◆ AVAILABLE RECORDS
________

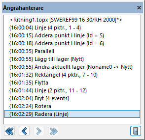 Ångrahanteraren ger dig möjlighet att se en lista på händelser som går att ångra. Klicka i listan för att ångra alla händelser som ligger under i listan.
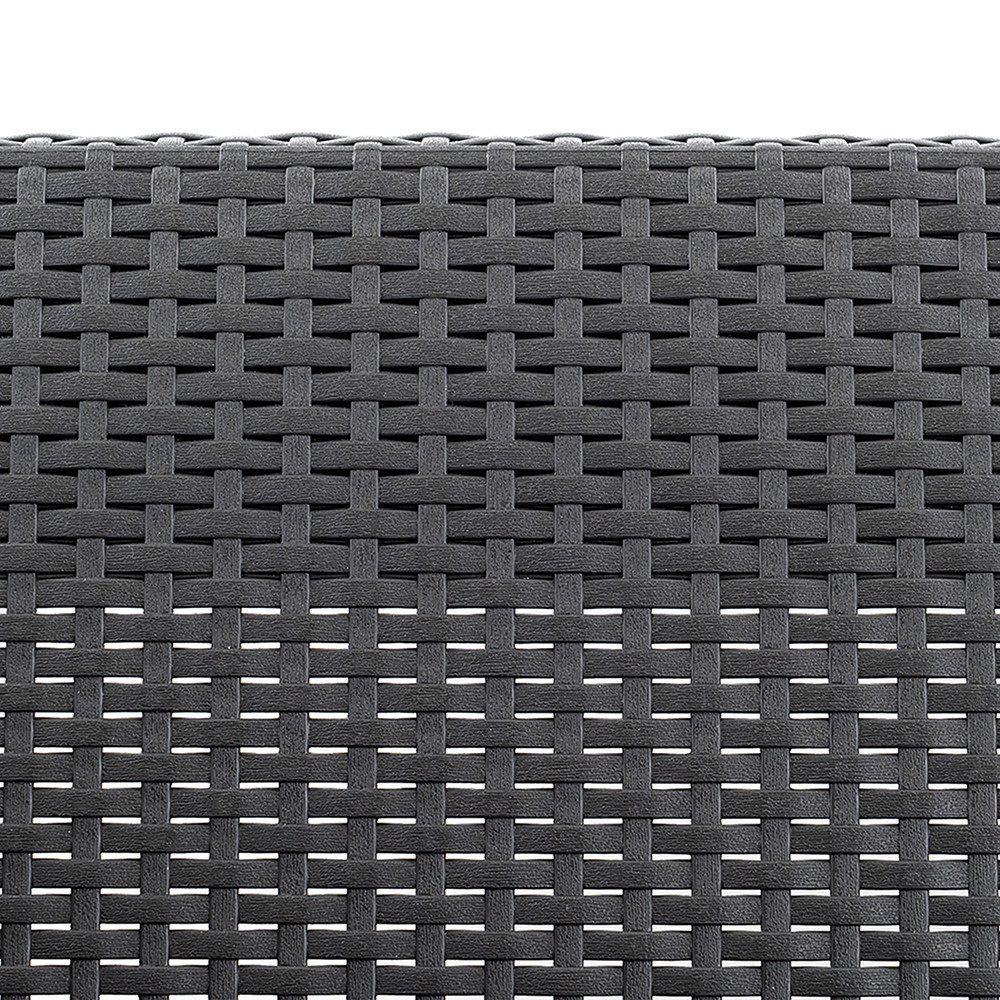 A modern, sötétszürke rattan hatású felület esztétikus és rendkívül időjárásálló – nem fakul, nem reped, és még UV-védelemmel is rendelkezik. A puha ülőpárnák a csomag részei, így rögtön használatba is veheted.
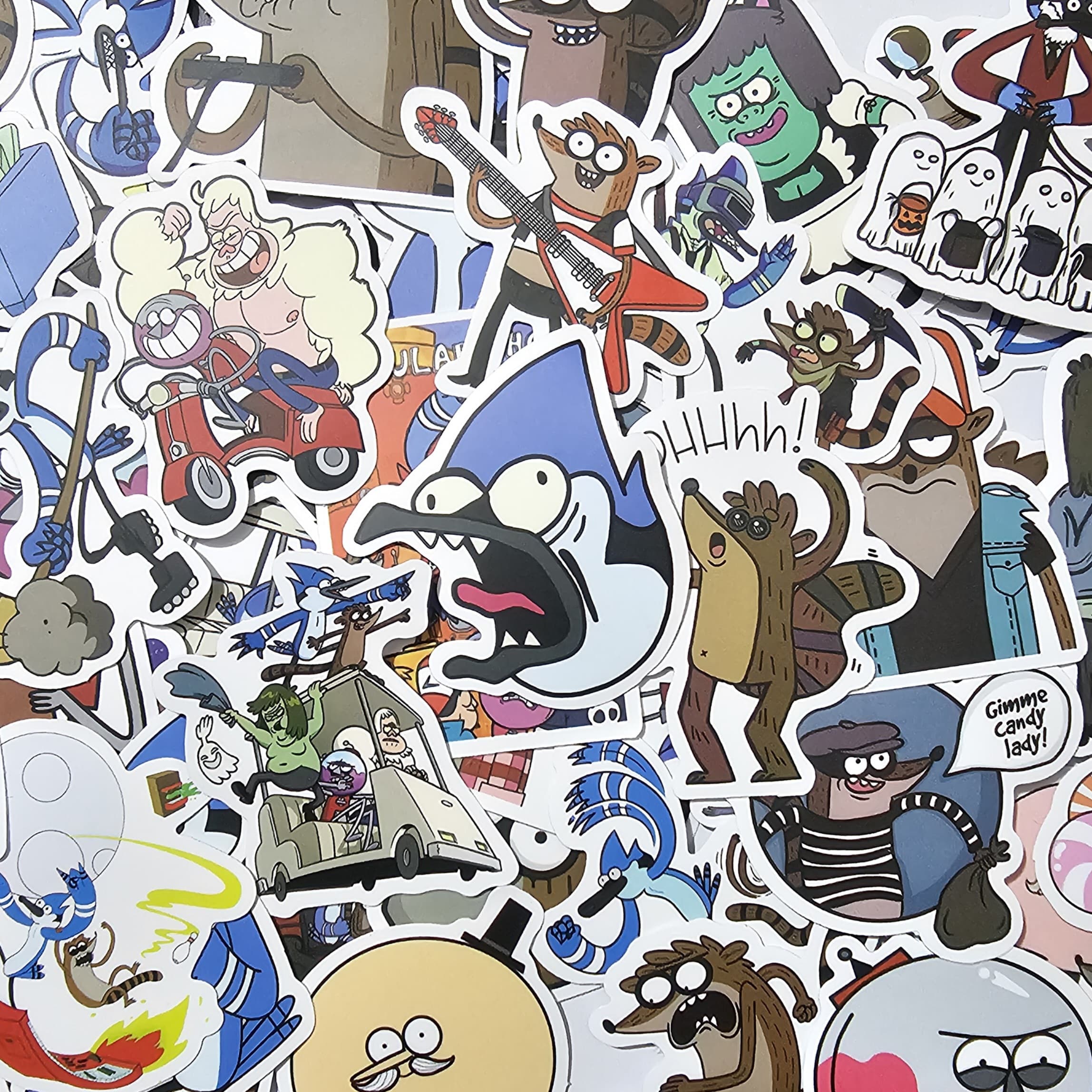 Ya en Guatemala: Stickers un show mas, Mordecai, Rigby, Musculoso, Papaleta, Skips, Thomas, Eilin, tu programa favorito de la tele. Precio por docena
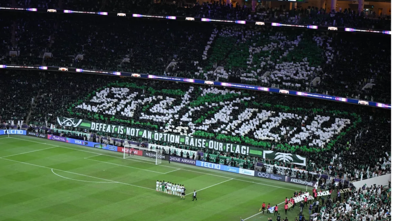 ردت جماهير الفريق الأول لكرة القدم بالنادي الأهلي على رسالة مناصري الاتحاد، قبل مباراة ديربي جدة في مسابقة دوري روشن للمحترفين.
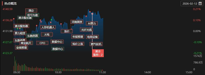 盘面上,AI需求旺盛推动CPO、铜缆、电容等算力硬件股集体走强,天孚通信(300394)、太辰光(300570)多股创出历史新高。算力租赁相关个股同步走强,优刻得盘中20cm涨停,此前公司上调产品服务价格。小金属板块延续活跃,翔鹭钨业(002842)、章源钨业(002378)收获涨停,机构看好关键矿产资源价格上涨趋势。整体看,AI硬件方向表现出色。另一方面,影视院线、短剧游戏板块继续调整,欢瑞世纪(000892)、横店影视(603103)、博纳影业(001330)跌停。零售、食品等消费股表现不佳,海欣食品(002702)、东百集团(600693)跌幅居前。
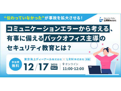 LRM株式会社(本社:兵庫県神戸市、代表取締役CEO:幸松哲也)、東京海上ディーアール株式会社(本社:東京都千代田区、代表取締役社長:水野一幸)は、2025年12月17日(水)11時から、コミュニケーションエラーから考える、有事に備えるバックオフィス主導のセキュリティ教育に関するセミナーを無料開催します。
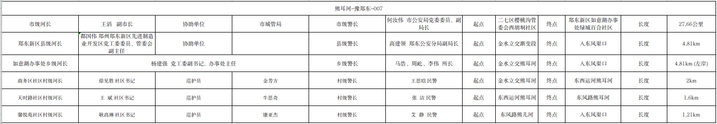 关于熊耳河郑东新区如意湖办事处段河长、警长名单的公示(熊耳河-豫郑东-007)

________

◆ DIRECTIONS
The entries above are to be returned exactly, without their pictures.

◆ EXERCISE RESPONSE
 Ångrahanteraren ger dig möjlighet att se en lista på händelser som går att ångra. Klicka i listan för att ångra alla händelser som ligger under i listan.
 A modern, sötétszürke rattan hatású felület esztétikus és rendkívül időjárásálló – nem fakul, nem reped, és még UV-védelemmel is rendelkezik. A puha ülőpárnák a csomag részei, így rögtön használatba is veheted.
 Ya en Guatemala: Stickers un show mas, Mordecai, Rigby, Musculoso, Papaleta, Skips, Thomas, Eilin, tu programa favorito de la tele. Precio por docena
 ردت جماهير الفريق الأول لكرة القدم بالنادي الأهلي على رسالة مناصري الاتحاد، قبل مباراة ديربي جدة في مسابقة دوري روشن للمحترفين.
 盘面上,AI需求旺盛推动CPO、铜缆、电容等算力硬件股集体走强,天孚通信(300394)、太辰光(300570)多股创出历史新高。算力租赁相关个股同步走强,优刻得盘中20cm涨停,此前公司上调产品服务价格。小金属板块延续活跃,翔鹭钨业(002842)、章源钨业(002378)收获涨停,机构看好关键矿产资源价格上涨趋势。整体看,AI硬件方向表现出色。另一方面,影视院线、短剧游戏板块继续调整,欢瑞世纪(000892)、横店影视(603103)、博纳影业(001330)跌停。零售、食品等消费股表现不佳,海欣食品(002702)、东百集团(600693)跌幅居前。
 LRM株式会社(本社:兵庫県神戸市、代表取締役CEO:幸松哲也)、東京海上ディーアール株式会社(本社:東京都千代田区、代表取締役社長:水野一幸)は、2025年12月17日(水)11時から、コミュニケーションエラーから考える、有事に備えるバックオフィス主導のセキュリティ教育に関するセミナーを無料開催します。
 关于熊耳河郑东新区如意湖办事处段河长、警长名单的公示(熊耳河-豫郑东-007)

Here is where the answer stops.